§ **Work instruction**:
Under this line is a listing; return exactly the lines starting at the one with "1年B組は技術家庭の技術です" and running down to the one with "薄毛発生には様々な原因がありますが、今回の研究では、青色 LED が、体毛・毛髪の双方に育毛作用を示し、特に薄毛", and leave out its pictures.

§ **Material to process**:
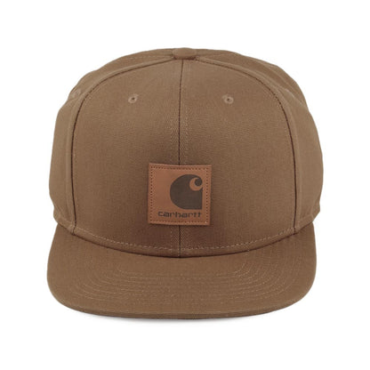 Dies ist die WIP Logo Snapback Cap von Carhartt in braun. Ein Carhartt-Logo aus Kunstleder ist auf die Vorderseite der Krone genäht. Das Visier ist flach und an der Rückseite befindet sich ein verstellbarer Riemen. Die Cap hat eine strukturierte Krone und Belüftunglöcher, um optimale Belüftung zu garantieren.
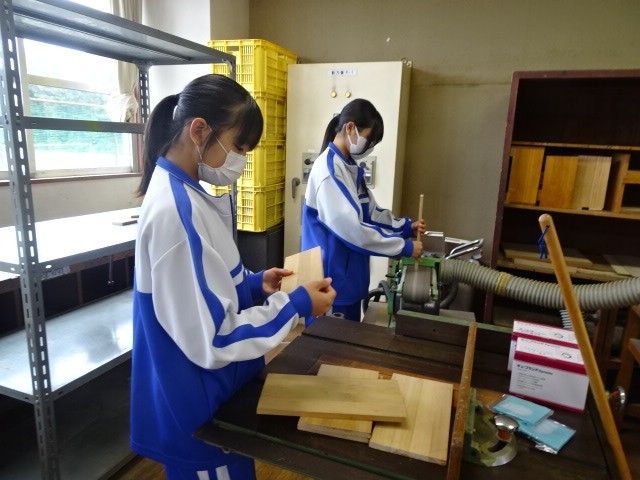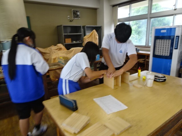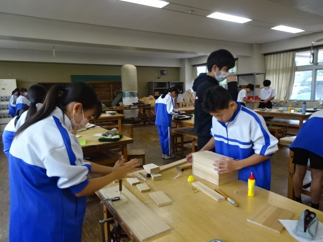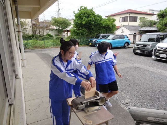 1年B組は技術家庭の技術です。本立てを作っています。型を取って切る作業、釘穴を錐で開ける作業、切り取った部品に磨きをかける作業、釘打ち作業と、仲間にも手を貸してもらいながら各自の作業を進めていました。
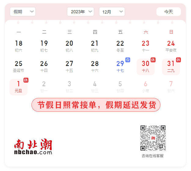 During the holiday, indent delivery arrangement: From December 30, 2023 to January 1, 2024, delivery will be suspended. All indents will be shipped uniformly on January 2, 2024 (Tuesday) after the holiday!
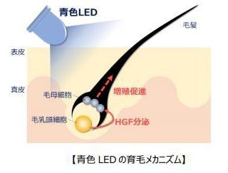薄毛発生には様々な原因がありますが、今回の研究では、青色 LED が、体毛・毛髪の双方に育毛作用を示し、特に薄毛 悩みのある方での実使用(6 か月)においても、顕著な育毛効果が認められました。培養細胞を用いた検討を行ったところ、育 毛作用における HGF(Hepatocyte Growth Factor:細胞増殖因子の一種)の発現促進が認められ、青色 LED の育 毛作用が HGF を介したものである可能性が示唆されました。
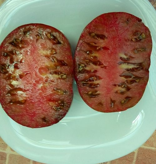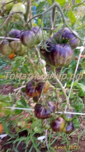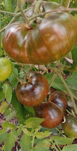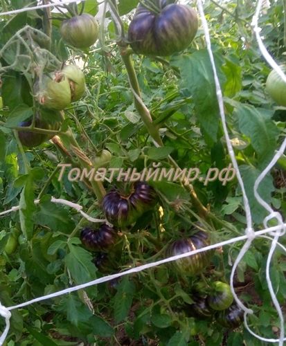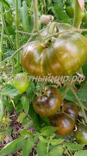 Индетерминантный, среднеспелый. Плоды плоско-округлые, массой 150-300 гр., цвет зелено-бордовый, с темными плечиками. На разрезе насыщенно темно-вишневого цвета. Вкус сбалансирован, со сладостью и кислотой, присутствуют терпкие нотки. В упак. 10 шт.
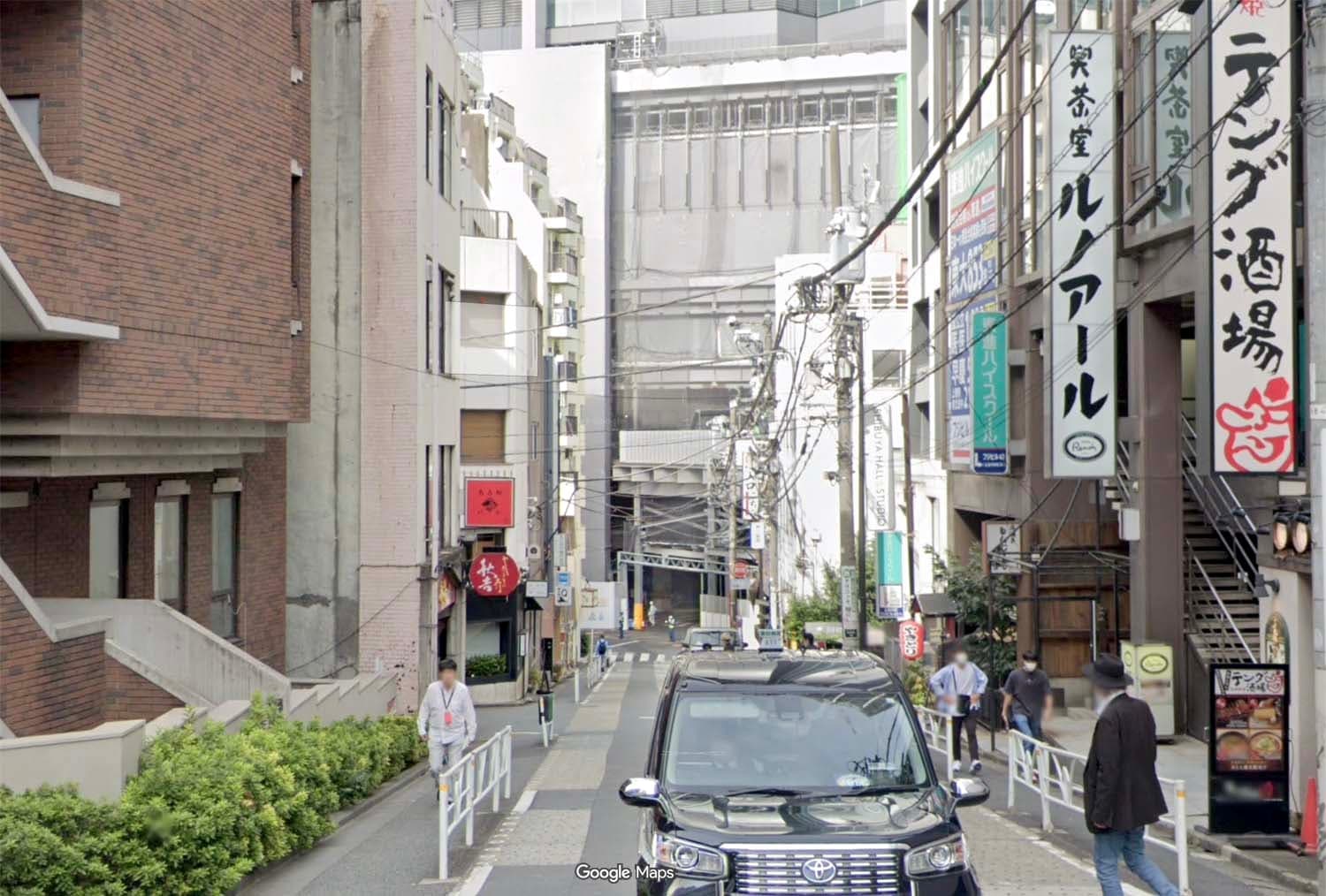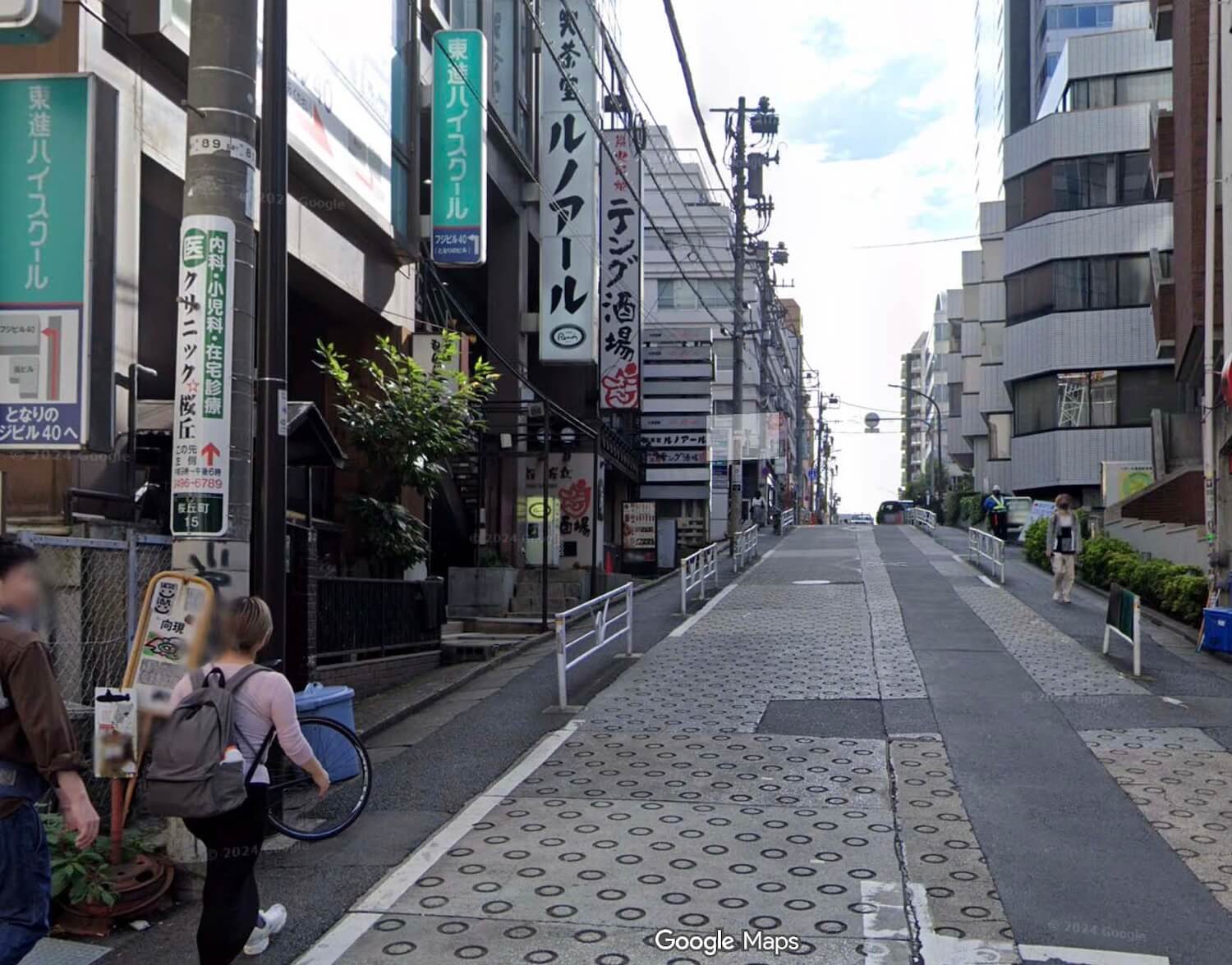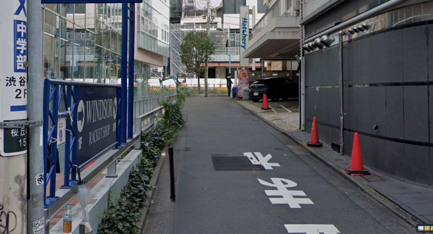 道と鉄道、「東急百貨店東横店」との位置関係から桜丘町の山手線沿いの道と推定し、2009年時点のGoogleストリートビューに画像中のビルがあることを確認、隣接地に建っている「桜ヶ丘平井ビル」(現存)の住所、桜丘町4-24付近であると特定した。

==

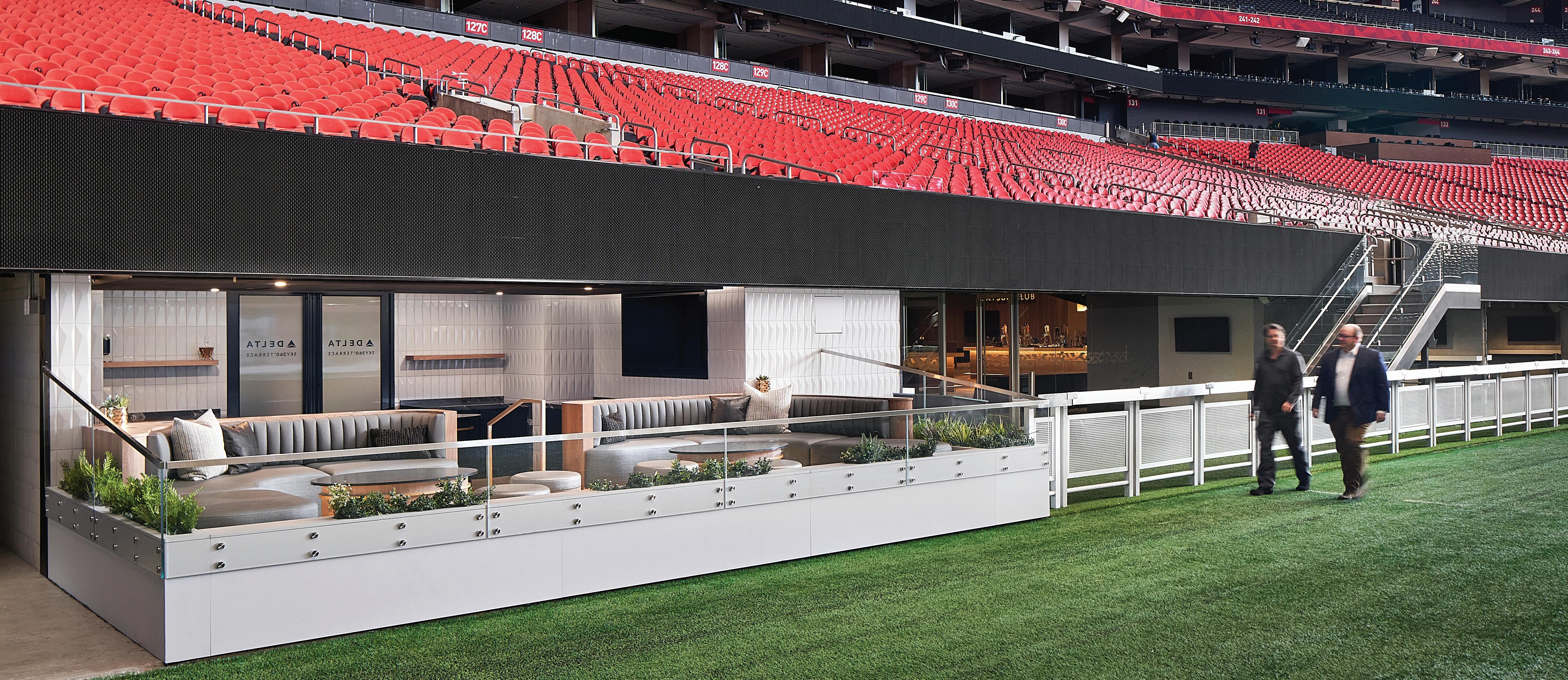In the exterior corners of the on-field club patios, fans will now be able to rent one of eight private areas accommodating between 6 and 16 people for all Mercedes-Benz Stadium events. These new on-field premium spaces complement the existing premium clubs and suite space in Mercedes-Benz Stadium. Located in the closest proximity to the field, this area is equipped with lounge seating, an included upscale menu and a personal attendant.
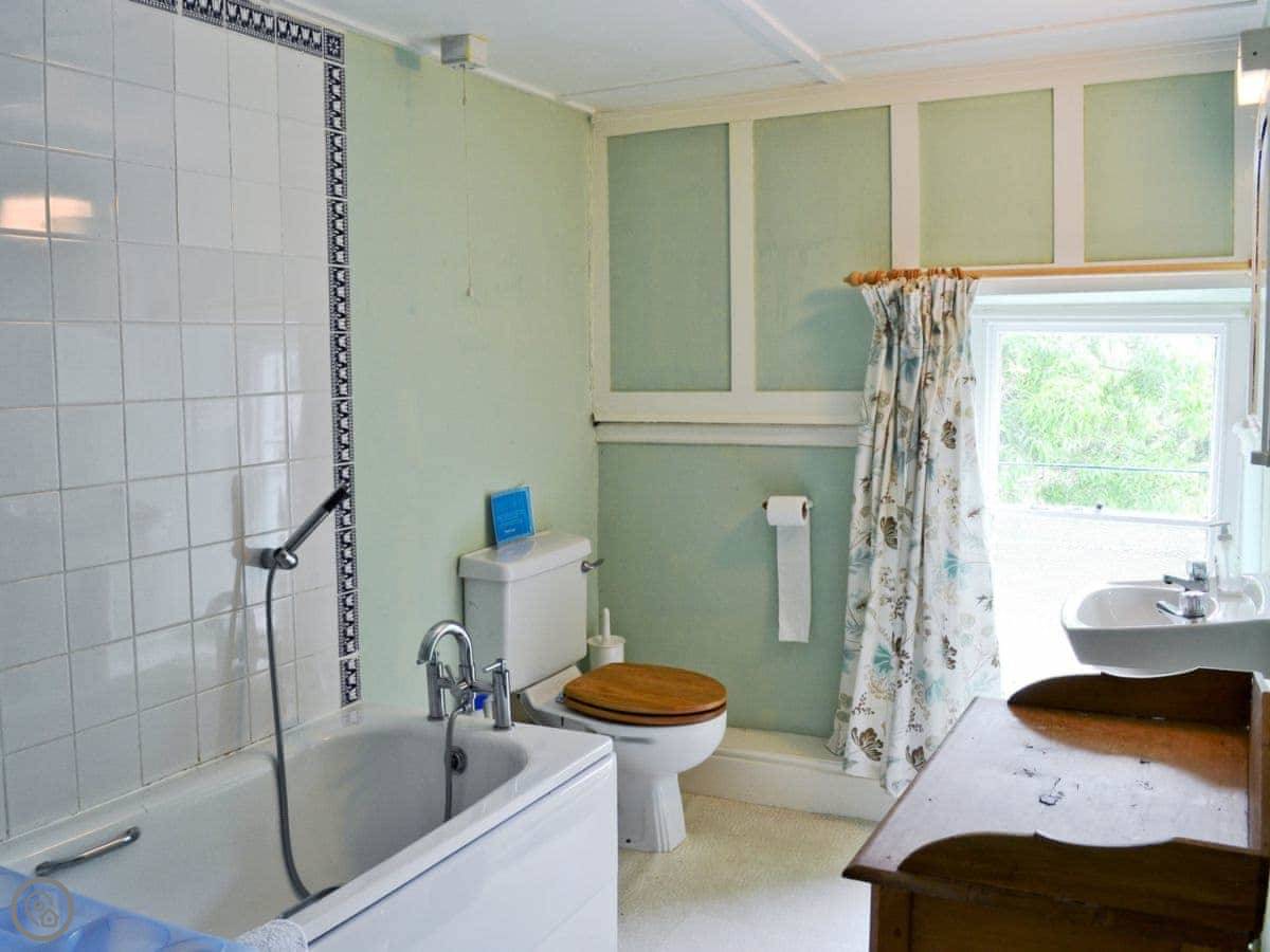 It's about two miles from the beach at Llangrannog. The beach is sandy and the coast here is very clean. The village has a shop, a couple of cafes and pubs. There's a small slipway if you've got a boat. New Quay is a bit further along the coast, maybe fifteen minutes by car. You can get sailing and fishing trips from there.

==

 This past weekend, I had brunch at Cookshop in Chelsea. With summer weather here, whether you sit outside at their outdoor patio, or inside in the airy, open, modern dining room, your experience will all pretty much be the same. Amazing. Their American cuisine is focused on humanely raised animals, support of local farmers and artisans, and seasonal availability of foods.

§ **Response below**:
 1年B組は技術家庭の技術です。本立てを作っています。型を取って切る作業、釘穴を錐で開ける作業、切り取った部品に磨きをかける作業、釘打ち作業と、仲間にも手を貸してもらいながら各自の作業を進めていました。
 During the holiday, indent delivery arrangement: From December 30, 2023 to January 1, 2024, delivery will be suspended. All indents will be shipped uniformly on January 2, 2024 (Tuesday) after the holiday!
薄毛発生には様々な原因がありますが、今回の研究では、青色 LED が、体毛・毛髪の双方に育毛作用を示し、特に薄毛 悩みのある方での実使用(6 か月)においても、顕著な育毛効果が認められました。培養細胞を用いた検討を行ったところ、育 毛作用における HGF(Hepatocyte Growth Factor:細胞増殖因子の一種)の発現促進が認められ、青色 LED の育 毛作用が HGF を介したものである可能性が示唆されました。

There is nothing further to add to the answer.